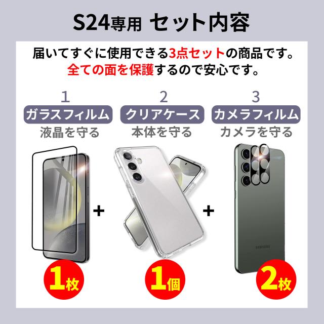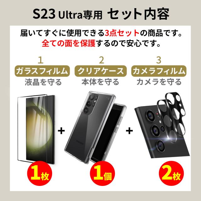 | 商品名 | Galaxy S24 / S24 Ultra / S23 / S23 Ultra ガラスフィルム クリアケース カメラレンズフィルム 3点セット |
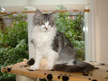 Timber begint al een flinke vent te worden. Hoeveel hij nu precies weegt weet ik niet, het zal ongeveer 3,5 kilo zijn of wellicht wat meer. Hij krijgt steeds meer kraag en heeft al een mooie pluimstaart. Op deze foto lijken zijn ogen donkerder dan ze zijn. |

...

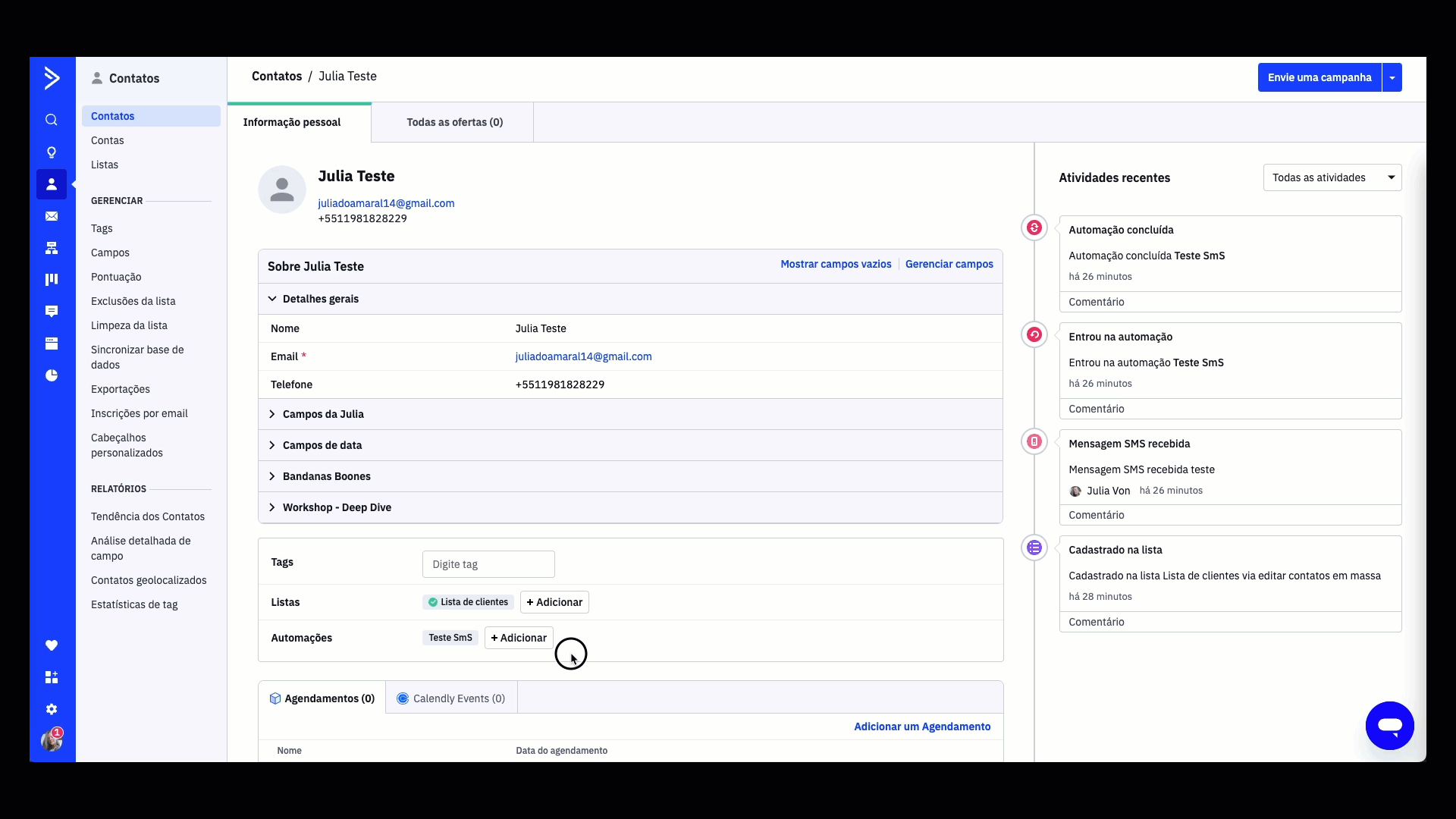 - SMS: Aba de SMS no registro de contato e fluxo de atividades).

...

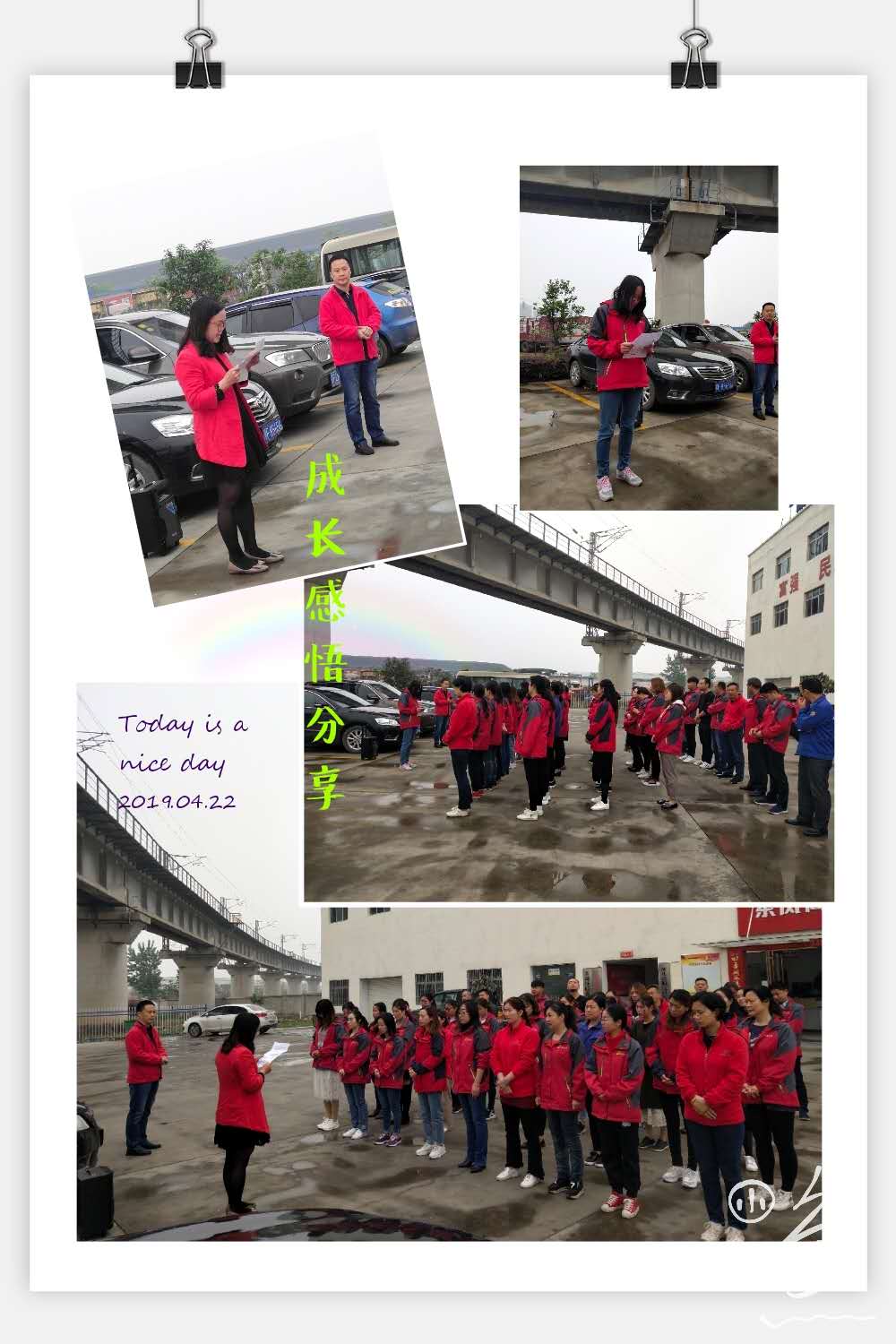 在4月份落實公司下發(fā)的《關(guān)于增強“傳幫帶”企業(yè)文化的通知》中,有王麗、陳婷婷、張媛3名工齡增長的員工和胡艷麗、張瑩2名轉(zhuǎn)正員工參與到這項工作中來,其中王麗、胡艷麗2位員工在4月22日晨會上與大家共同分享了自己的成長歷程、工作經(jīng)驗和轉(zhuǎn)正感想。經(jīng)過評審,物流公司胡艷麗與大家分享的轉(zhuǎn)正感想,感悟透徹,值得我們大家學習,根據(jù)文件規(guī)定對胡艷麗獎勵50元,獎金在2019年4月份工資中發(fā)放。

> [Task description]:
In the entries above, every line from the line with "カメラレンズフィルム 3点セット |" to the line with "Timber begint al" is to be printed exactly, with both ends included and pictures excluded.

> [Exercise output]:
 | 商品名 | Galaxy S24 / S24 Ultra / S23 / S23 Ultra ガラスフィルム クリアケース カメラレンズフィルム 3点セット |
 Timber begint al een flinke vent te worden. Hoeveel hij nu precies weegt weet ik niet, het zal ongeveer 3,5 kilo zijn of wellicht wat meer. Hij krijgt steeds meer kraag en heeft al een mooie pluimstaart. Op deze foto lijken zijn ogen donkerder dan ze zijn. |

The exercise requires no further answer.